あれから数日たっても、「どっちが長生きするか競争だね」という言葉が棘のようにつかえたままになっている。そして、その棘は日を追うにつれて小さくはならず、大きくもならずに、ずっと同じ大きさで同じ場所に刺さっていた。だが、その場所がよくわからない。

あと十年たてば俺は七十五だ。そして、十五年たてば八十歳。八十になって俺が死んでも、誰も「お若いのに」とは言わないだろう。高原は改めて自分の歳を明確に意識することで、目の前のブリオッシュの背中から視線を離せなくなるのだった。

ブリオッシュのゆっくりと息づく背中を、その動きに合わせて、同じようにゆっくりとなでる。
「どっちが長く生きるんだ」

高原はブリオッシュに聞いてみる。そして、自分が確実に年老いていく十年の間に、ブリオッシュはどんな一生を駆け抜けるのだろう。そう思うと、高原は自分が過ごしてきた時間がいかに長い時間であったのかを考えて呆然としてしまう。そして、その長い時間を振り返ろうとしてやめる。どうせ、そんなことをしても悔やまれることばかりが思い出されそうだ。

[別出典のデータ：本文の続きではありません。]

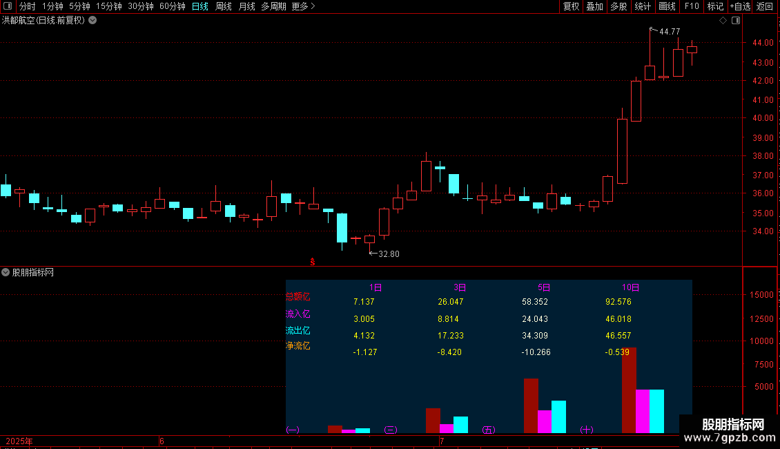 DRAWTEXT(CURRBARSCOUNT=30,画*0.67,'流出亿'),COLORCYAN;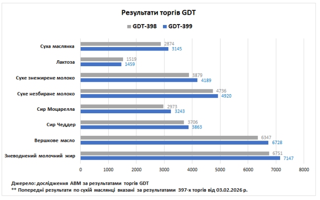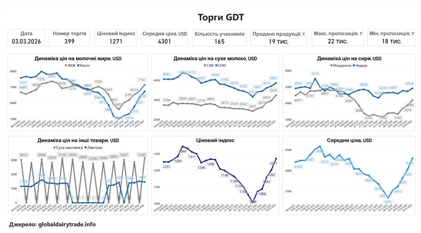 У вівторок, 3 березня, відбулися 399-ті торги GDT, за результатами яких ціновий індекс становив 1271, що на 69 пунктів (+5,7%) більше відносно попередніх торгів. Середня ціна на молочні продукти становила 4301 дол. за т, що на 273 дол. більше відносно результатів попереднього аукціону. Під час торгів було продано 18 861 т біржових товарів, що на 3379 т менше відносно результатів минулого аукціону. Мінімальна пропозиція була зафіксована на рівні 17 734 т, а максимальна — на рівні 21 818 т. В торгах взяли участь 165 операторів молочного ринку, що на 2 компанії менше відносно 17 лютого.

「でもな、お前よりも覚えることも、やらなきゃいけないことも多かったんだよ」
 高原はブリオッシュに言い訳するように言う。
「まあしかし、俺の散歩とお前の散歩では、その重みが違うのかもしれないな」

そして、高原は笑いながら立ち上がる。いつもよりも少し長くベンチに座っていたからか、それとも真っすぐに走ることを覚えたからか、ブリオッシュも待ち兼ねていたように立ち上がる。

尻尾を振り、今にも駆け出そうとするブリオッシュをリードの微妙な引き具合で制しながら、伝わってくる鼓動に高原は呼応する。そして、ため息ではない短く勢いのある息をブリオッシュにも聞こえるように音を立てて吐く。「十年は長いよな」
高原はブリオッシュに話しかけてみる。

すると、ブリオッシュは「うん」と言ったのか「いいや」と言いたかったのか、少し振り返ると妙な音を立ててくしゃみをした。